Prior to this, Weedon et al. showed that having multiple allele copies increases risk in accordance with a multiplicative model 2 (this type of statistical information can be used in affirming the effectiveness of our modeling). However, other studies such as here [1] and here [2] found that lifestyle/phenotypic factors and family history were more predictive that genetics in whether someone would actually develop diabetes.

As a side-note, I was slightly amused that a google scholar search for "highly predictive polygenic disease" turns up zero hits. Hopefully this will change in the years to come...

Type I Diabetes: From the interacting chromosomal regions explored by Bergholdt et. al, the WDR1, LMO7, HNRPLL and RPS15A genes are potential T1D candidate genes. These genes are involved in transcriptional regulation, DNA binding, RNA binding, ion channel activity, ATP synthesis, actin binding and natural killer cell mediated cytotoxicity and cell proliferation. Other networks with TNFA (a gene proposed to be essential to the onset of T1D because of its locus near HLA) include genes involved in signal transduction, regulation of transcription, protein biosynthesis and folding, histone activity, ubiquitin-protein ligase activity, as well as response to oxidative stress, also of potential relevance in T1D pathogenesis.
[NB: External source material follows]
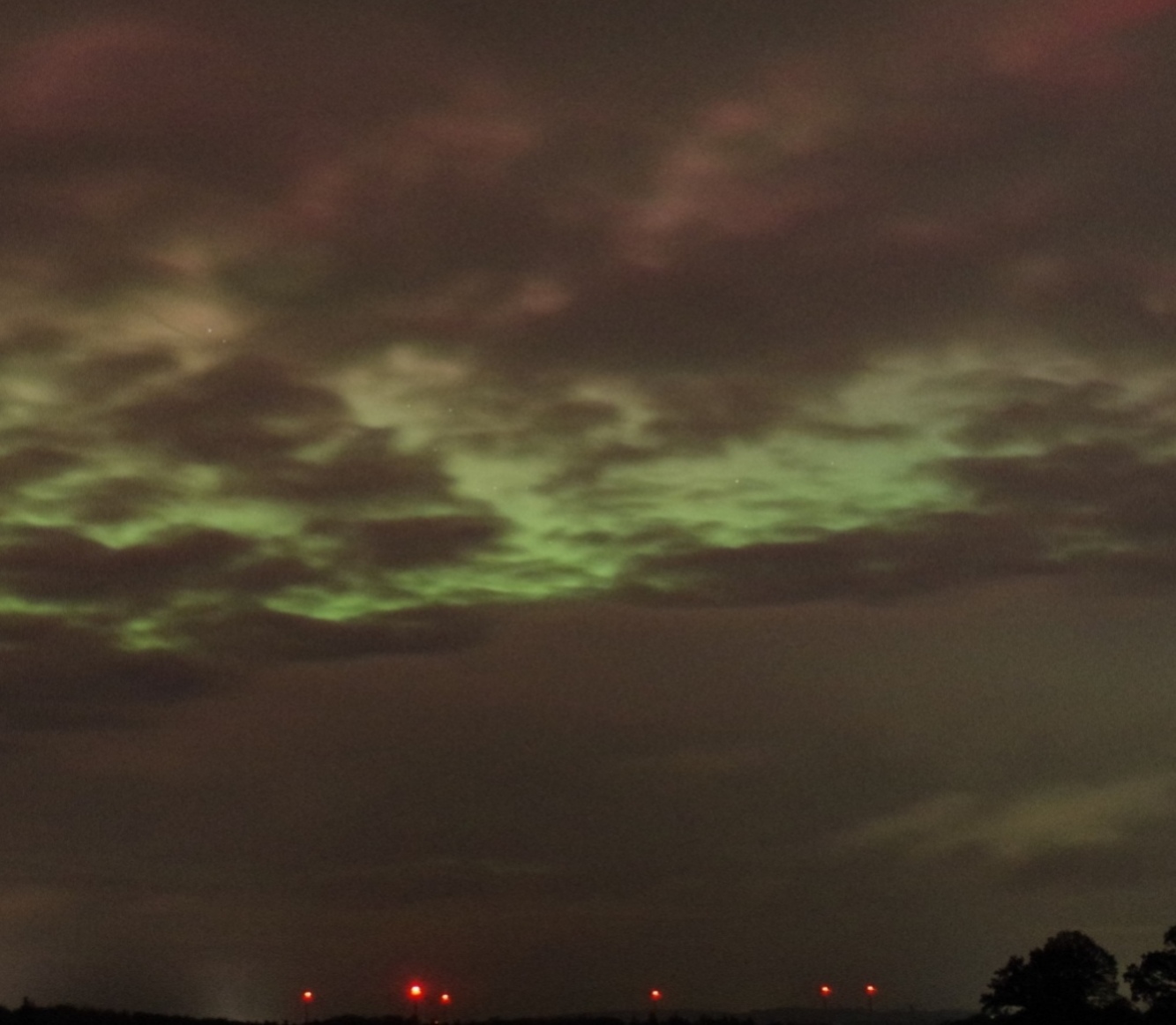 Es handelt sich dabei um ein schwach visuelles Polarlicht. Die Bögen waren leider nicht offensichtlich zu sehen.

In their analysis, Bergholdt et. al obtained protein interaction data from the databases BIND, MINT, IntAct, KEGG annotated protein-protein interactions (PPrel), KEGG Enzymes involved in neighboring steps (ECrel) and Reactome proteins involved in the same complex, indirect complex or same or indirect reaction. These databases could be useful to us in potentially determining SNP effects on protein-protein interactions, and we may be able to incorporate their method of visualization in our own program.

Here's their paper: Integrative analysis for finding genes and networks involved in diabetes and other complex diseases

Protein network interactions described by Bergholdt et. al in Type I Diabetes
Significant functional modules described by Bergholdt et. al in Type I Diabetes

Other Projects for the Trait-O-Matic Add-on

Looking into Pharmacogenetics

  • If we look at table 1, we find a list of polymorphisms of genes important to drug metabolism, and how they would effect different phenotypes. We could start immediately searching for these polymorphisms in the genomes entered as input and scan for these specific mutations, thus being able to readily point spew out a phenotype.
  • Perhaps in order to make our searching method more efficient, we could first look for genes involved in the most number of pathways such as CYP3A4, and look for mutations in those, and then work our way from most common to least common. It is nice that in this picture we can start looking at genes in terms of frequency.
  • Another interesting find in this article was that pharmacogenetic polymorphisms differ in frequency among ethnic and racial groups. So now we would know to include these as a primary criteria when we choose to look at external factors.